Making the print catalog digital
“We’re still shipping 22 billion print catalogs in the U.S. every year, we have 100 million active catalog shoppers in the U.S, and – perhaps most importantly – 80 percent of transactions still start with print,” said Marxent Labs CEO Beck Besecker said, citing Direct Marketing Association data. But why are U.S. consumers still flooded with print catalogs? Retailers understand that they are one of the most time-tested conduits to tell a deep story about the brand. And pulling back from a catalog – whether in the number of mailings, pages or otherwise – can lead to drops in sales. “The question becomes: If digital isn’t a replacement for print, what’s the right strategy to bridge the divide?” he asked. Retailers have certainly experimented with QR codes, but Besecker said “peppering our catalog with hundreds of QR codes isn’t really the user experience that we’re looking for.”
Marxent, a specialist in augmented reality and mobile app development, has tapped mobile image recognition as the key. The firm has developed an app for home furnishings retailer Ballard Designs whereby the user holds the app over the Ballard Designs print catalog to read product reviews, add to the cart, and shop the catalog. (Check out Moosejaw’s X-Ray Viewer if you haven’t already.). “In the next three years, we’ll expect our print catalogs to be shoppable,” Besecker pronounced. And not just catalogs – anything in print, whether a product label or tag, a movie poster, even the weekly circular. Besecker expects that image recognition technology eventually will come already built into phones, putting pressure on app developers in the future.
Besecker said mobile image recognition:
- Matches the scale and benefits of direct marketing.
- Creates immersive brand storytelling with frictionless shopping.
- Leverages e-commerce features such as favorites, sharing and shopping cart.
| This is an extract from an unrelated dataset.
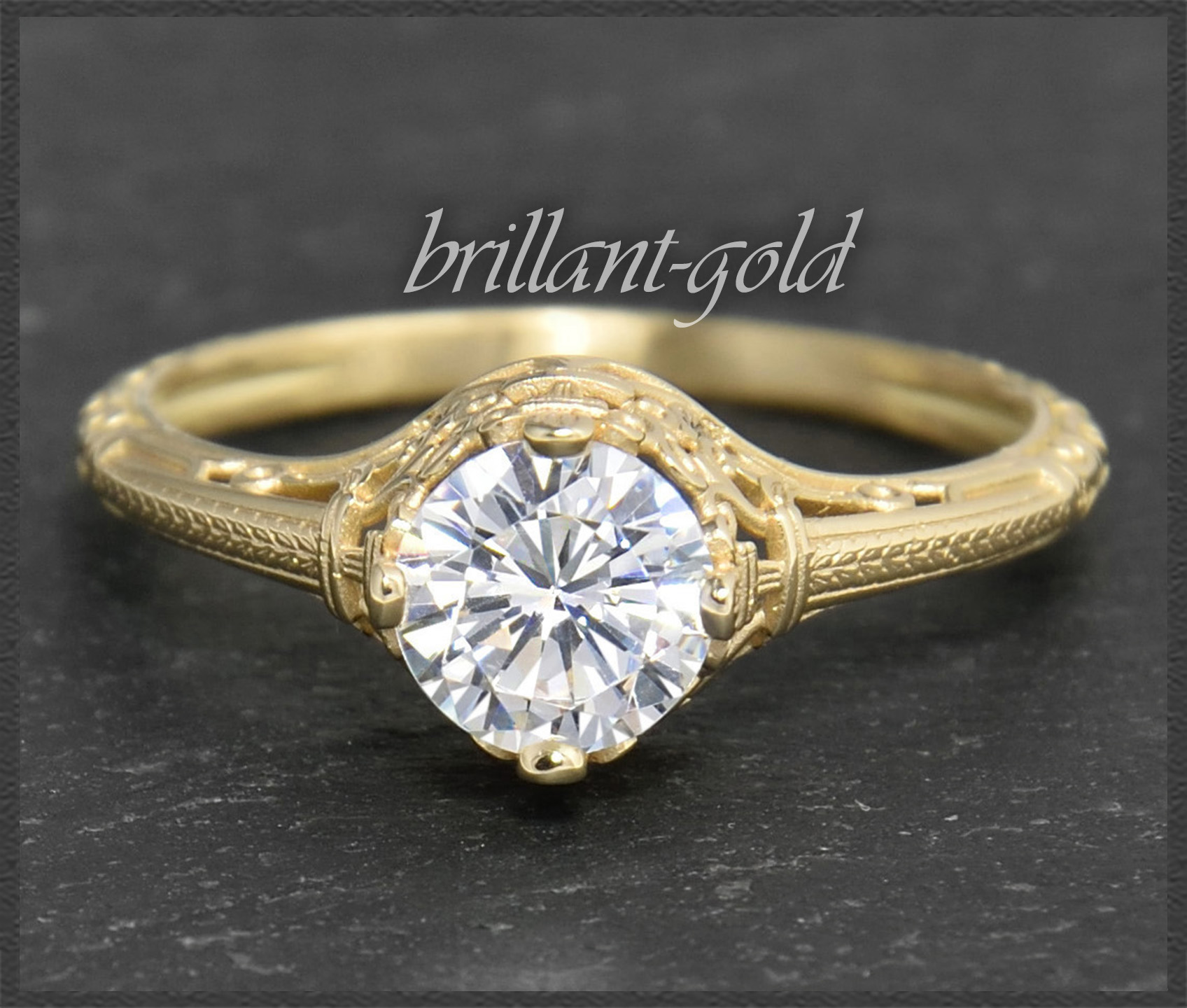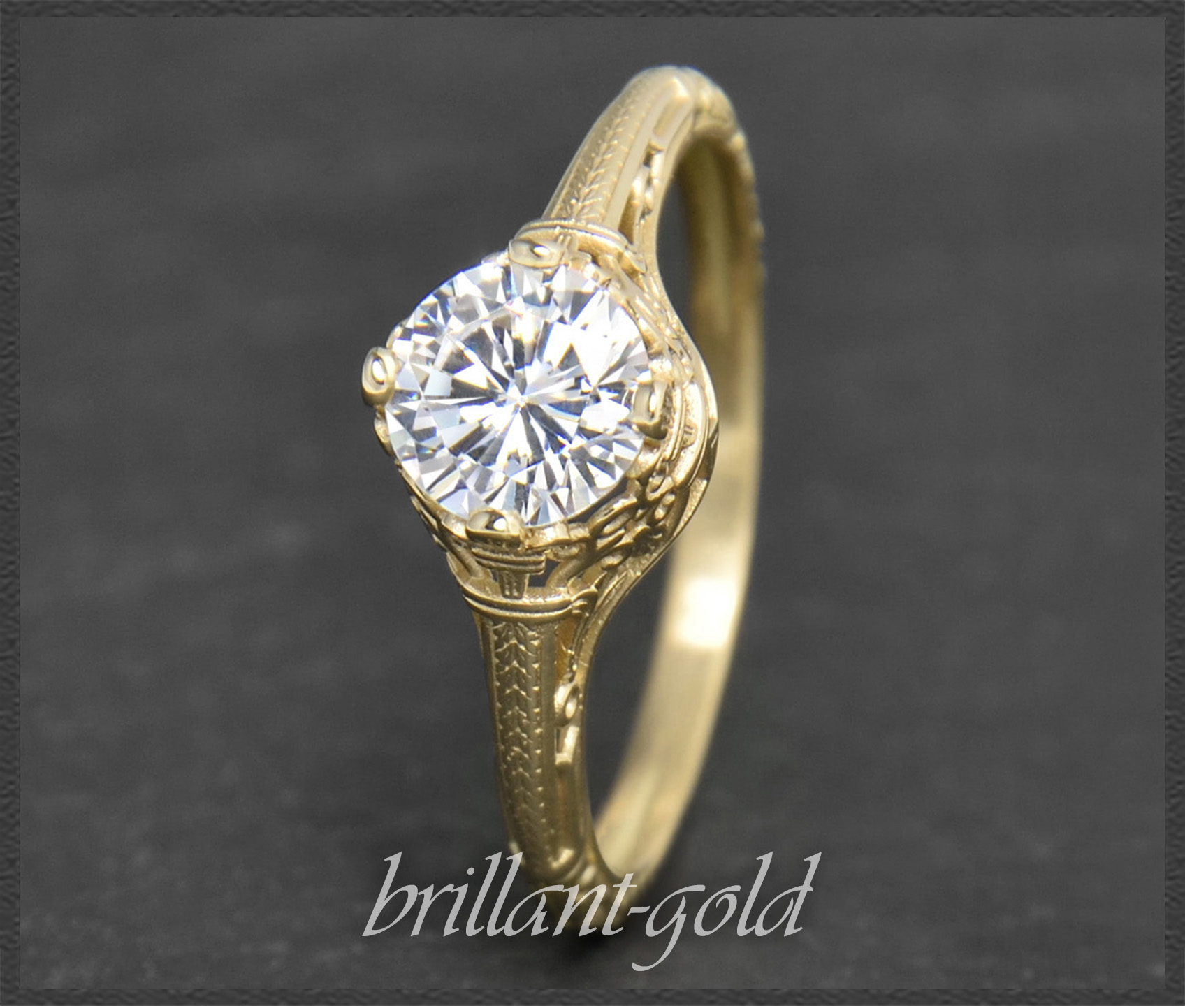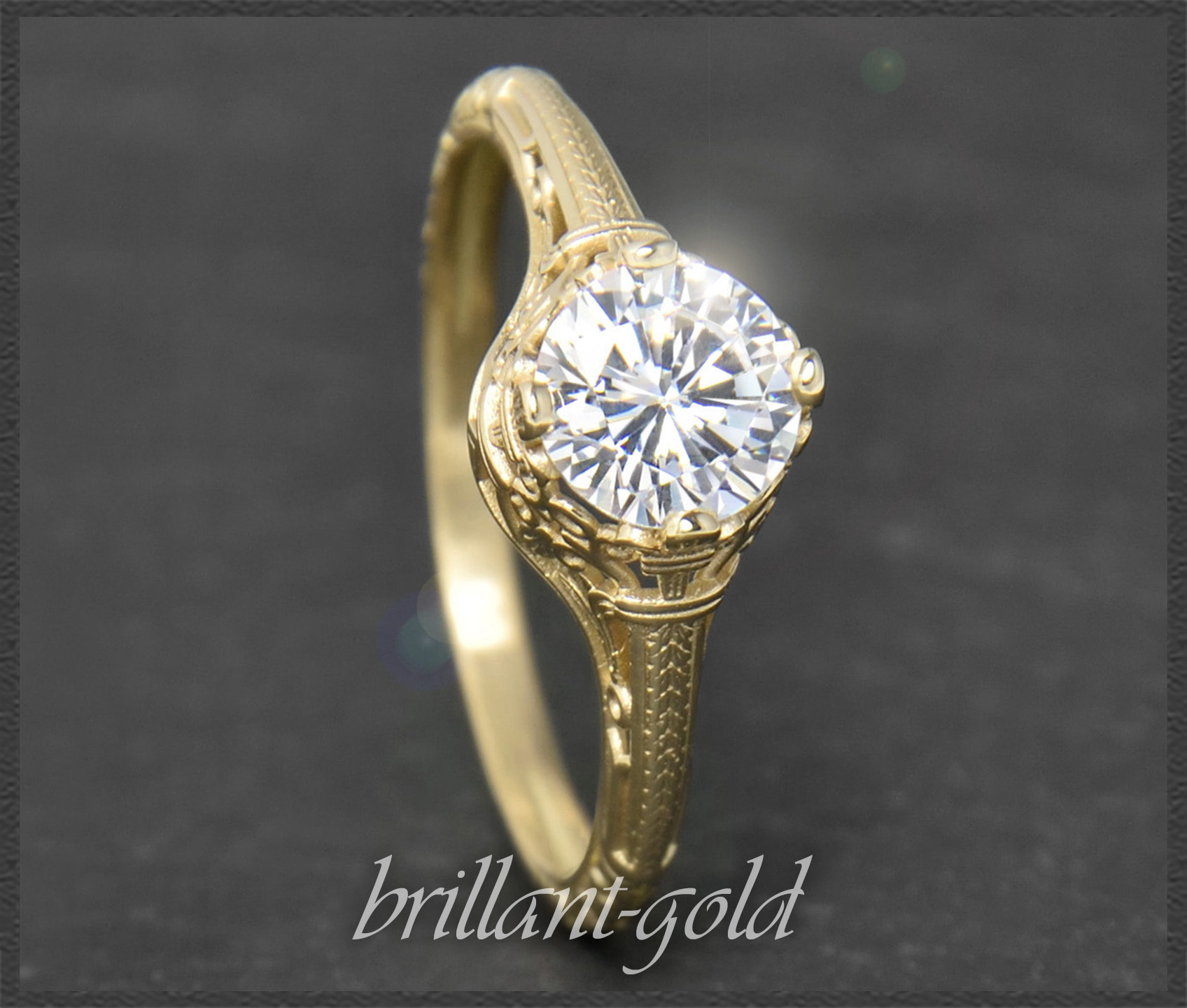Exklusiver 0,94ct Brillant Solitär Ring im Jugendstil Design, hochwertiger Brillant in der BESTEN Farbe (River D) und mit toller Brillanz.
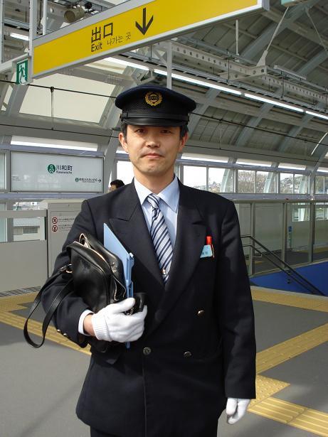 「川和町駅」の近くには、車両基地の他に、グリーンライン総合事務所や職員の休憩施設もあります。 乗務員の交代で川和町駅に降り立った岡田運転手から、お話をうかがいました。 Q: 運転歴はどのぐらいですか A: ブルーラインで8年間、その前に車掌をしていました。 Q: ブルーラインとグリーンラインと比べると、どちらが運転しやすいですか A: グリーンラインです。こちらは最初からワンマン運転を想定して作られています。運転席が右側にあり、出入りも簡単。乗客の乗り降りを確認するモニター画面も見やすいんです。ブルーラインはモニター画面が上にあったので視線をあげなければなりませんでしたが、グリーンラインは視線を変えなくてすみます。 Q: その他にも利点はありますか A: 線路が真っ直ぐなので運転がしやすいです。カーブが少ないので、ホームと車両の隙間がほとんどありません。リニアモーター推進方式なので、加速が出やすいです。 Q: 1000分の58という勾配は、全国一だそうですが、運転しにくいことはありませんか。 A: ありませんよ。慣れていますから(笑)。むしろ車両基地に入る時の勾配がきついんですよ。 ブルーラインとグリーンラインは運転方式が違うので、両車の運転手が兼任することはないそうです。 |

- Could become “the foundation for mobile wallet and loyalty programs.”
- Creates additional content without printing and postage costs.
- Creates new readership data such as pages viewed and pages touched.
Bringing inspiration to online retail
Marketvine CEO Manish Mehta said retailers feel a great urgency to somehow differentiate themselves from competitors, but have boxed themselves into a world of “fulfillment driven commerce” where inspiration is lacking. Uninspired shoppers are motivated by price, thwarting any hope for retailers to set themselves apart. With no loyalty in this game, Mehta asked, “Could we differentiate [ourselves] as retailers online through inspiration, rather than the [efficiency of the] fulfillment-based supply chain, rather than price?”
What does “inspiration” look like for a retailer? In a nutshell, it’s about storytelling. Noting that successful non-profits inspire and motivate donors through great storytelling, Mehta suggested that retailers ask themselves whether they can differentiate themselves from their customers, influencers and staff. “What if you could give employees the power to curate a collection of your products on your site or even other sites, then allow people like your influencers to put those products in their blogs, across social media, through digital and/or physical displays?” Mehta asked. “That’s inspiration. That’s what will differentiate you from others in our fulfillment-based world.”
Mehta cautioned that his company is still in stealth mode and still has much to learn in this area, but that early results exceeded the company’s expectations. Thanks to early adopters, as of mid-January, Marketvine had seen an average of 40 percent lift in conversion, a 7-8 percent increase in average order value and an 80 percent improvement in on-site engagement.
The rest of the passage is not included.